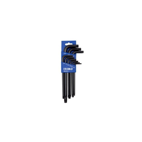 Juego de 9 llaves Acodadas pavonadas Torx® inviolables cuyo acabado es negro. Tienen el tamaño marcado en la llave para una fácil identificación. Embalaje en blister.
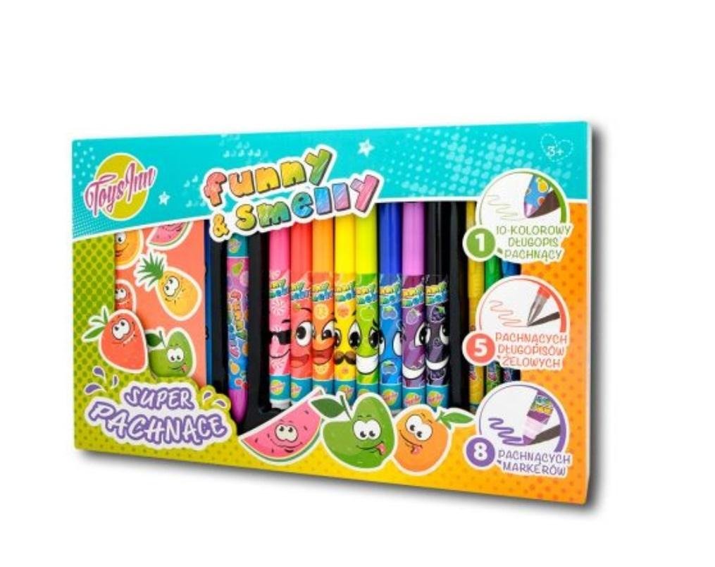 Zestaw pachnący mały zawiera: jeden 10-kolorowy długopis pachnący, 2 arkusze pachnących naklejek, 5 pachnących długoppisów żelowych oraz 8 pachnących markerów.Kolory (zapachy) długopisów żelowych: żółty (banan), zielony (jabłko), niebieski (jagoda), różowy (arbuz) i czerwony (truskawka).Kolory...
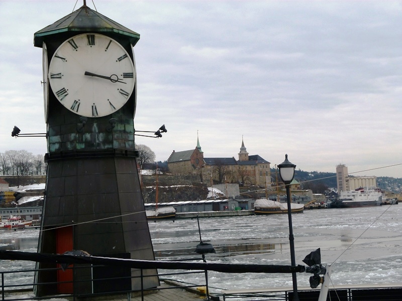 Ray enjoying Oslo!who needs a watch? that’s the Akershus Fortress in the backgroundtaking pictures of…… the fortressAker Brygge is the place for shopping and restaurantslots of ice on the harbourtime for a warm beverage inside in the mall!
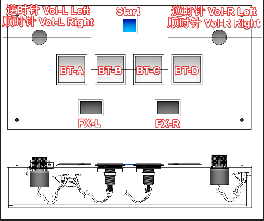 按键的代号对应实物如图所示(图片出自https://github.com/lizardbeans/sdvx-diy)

————————

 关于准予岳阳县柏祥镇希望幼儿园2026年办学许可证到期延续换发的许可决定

————————

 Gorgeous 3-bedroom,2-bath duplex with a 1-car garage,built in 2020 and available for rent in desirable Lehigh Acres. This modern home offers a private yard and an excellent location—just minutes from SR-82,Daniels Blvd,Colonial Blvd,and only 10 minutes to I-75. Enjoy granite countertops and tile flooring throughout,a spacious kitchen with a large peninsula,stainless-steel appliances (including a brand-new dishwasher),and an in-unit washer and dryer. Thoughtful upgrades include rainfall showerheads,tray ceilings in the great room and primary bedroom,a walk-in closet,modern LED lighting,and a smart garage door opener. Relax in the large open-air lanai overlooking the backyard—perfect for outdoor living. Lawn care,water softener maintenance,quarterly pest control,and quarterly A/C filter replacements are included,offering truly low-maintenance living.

————————

» Exercise brief
Exercise for the records above: copy only the lines from the one with "Ray enjoying Oslo!who" to the one with "按键的代号对应实物如图所示(图片出自ht", both ends kept, and drop the pictures.

» Response box
 Ray enjoying Oslo!who needs a watch? that’s the Akershus Fortress in the backgroundtaking pictures of…… the fortressAker Brygge is the place for shopping and restaurantslots of ice on the harbourtime for a warm beverage inside in the mall!
 按键的代号对应实物如图所示(图片出自https://github.com/lizardbeans/sdvx-diy)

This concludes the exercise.